▸ **ACTIVITY**
Your reply must contain the lines from the one with "Love Tree Women's" through the last line of the material, exact and complete, with no pictures and no other text.

▸ **RAW DATA**
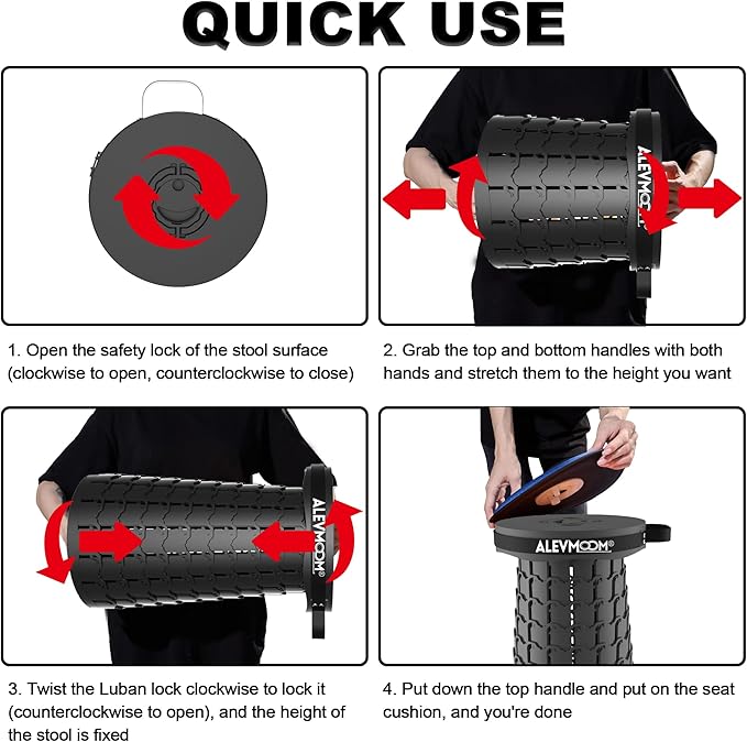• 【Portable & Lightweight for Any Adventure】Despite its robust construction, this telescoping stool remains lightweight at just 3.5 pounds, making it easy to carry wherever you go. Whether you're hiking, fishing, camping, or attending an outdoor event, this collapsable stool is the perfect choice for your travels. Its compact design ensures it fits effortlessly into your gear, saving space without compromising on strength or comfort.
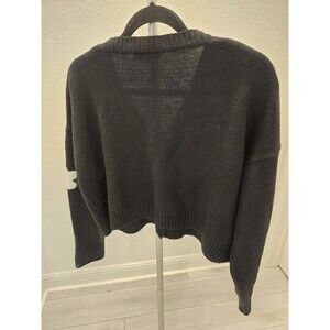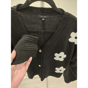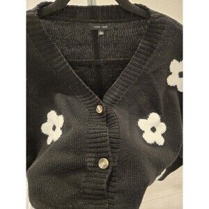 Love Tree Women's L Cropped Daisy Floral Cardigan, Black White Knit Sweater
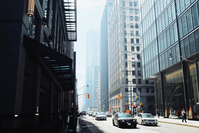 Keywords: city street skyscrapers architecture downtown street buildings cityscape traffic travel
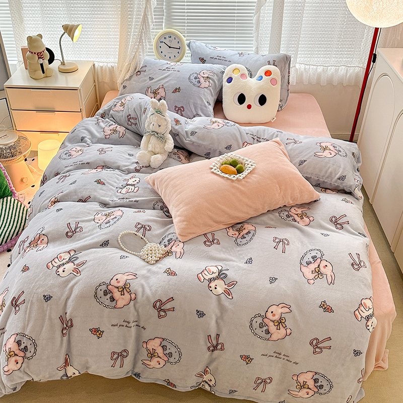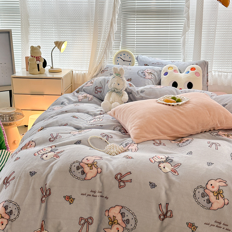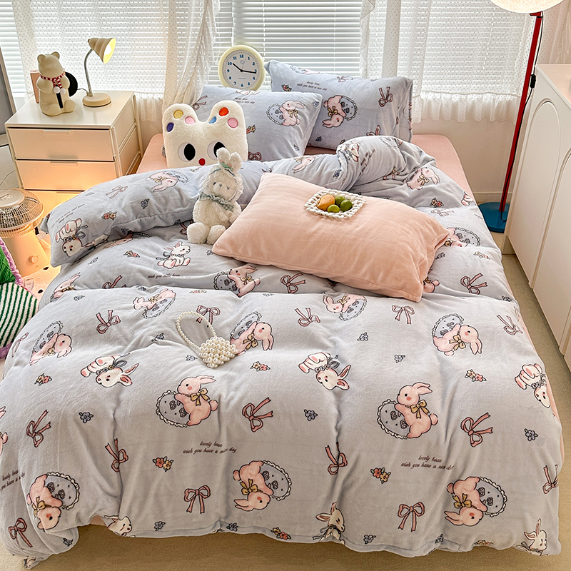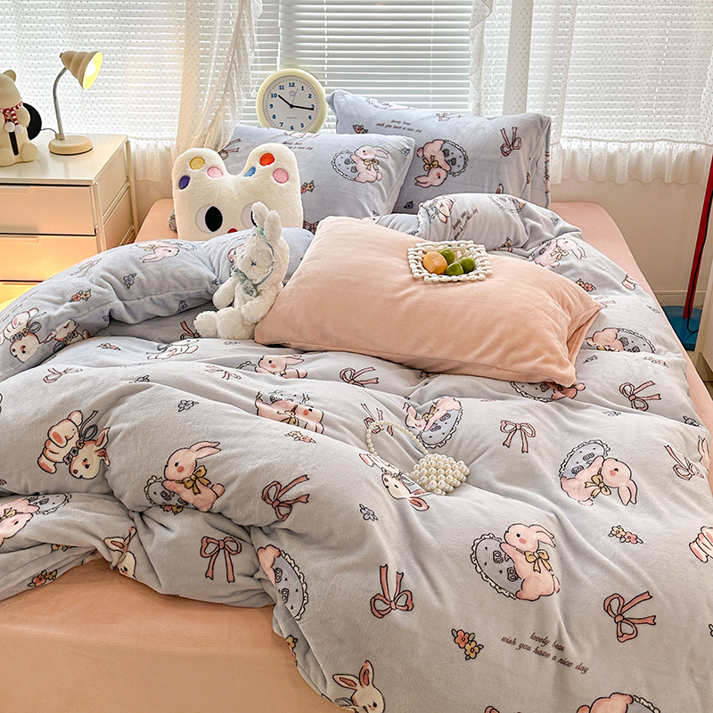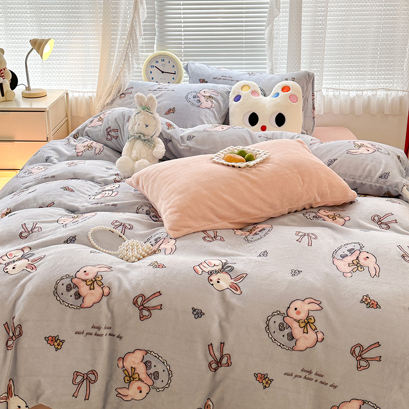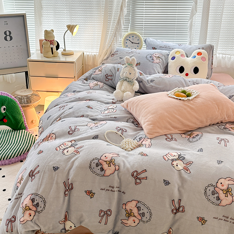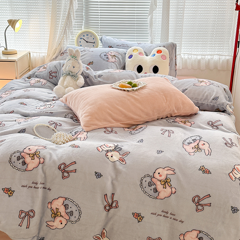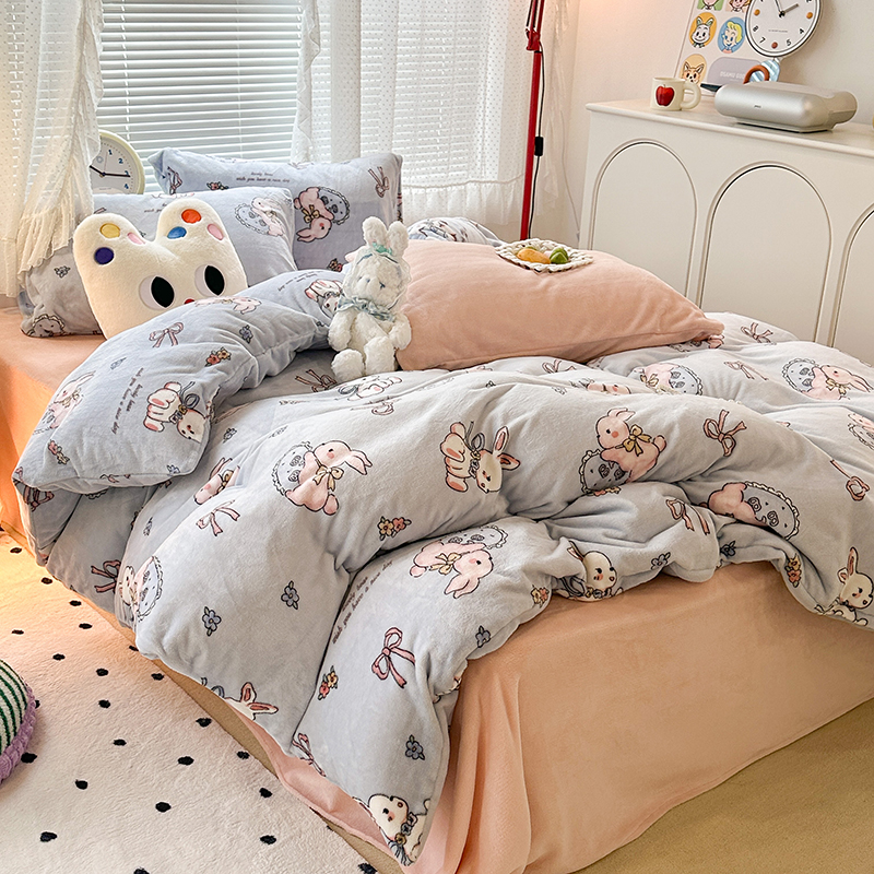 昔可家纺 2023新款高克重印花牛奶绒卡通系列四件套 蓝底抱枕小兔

▸ **PROBLEM SOLUTION**
 Love Tree Women's L Cropped Daisy Floral Cardigan, Black White Knit Sweater
 Keywords: city street skyscrapers architecture downtown street buildings cityscape traffic travel
 昔可家纺 2023新款高克重印花牛奶绒卡通系列四件套 蓝底抱枕小兔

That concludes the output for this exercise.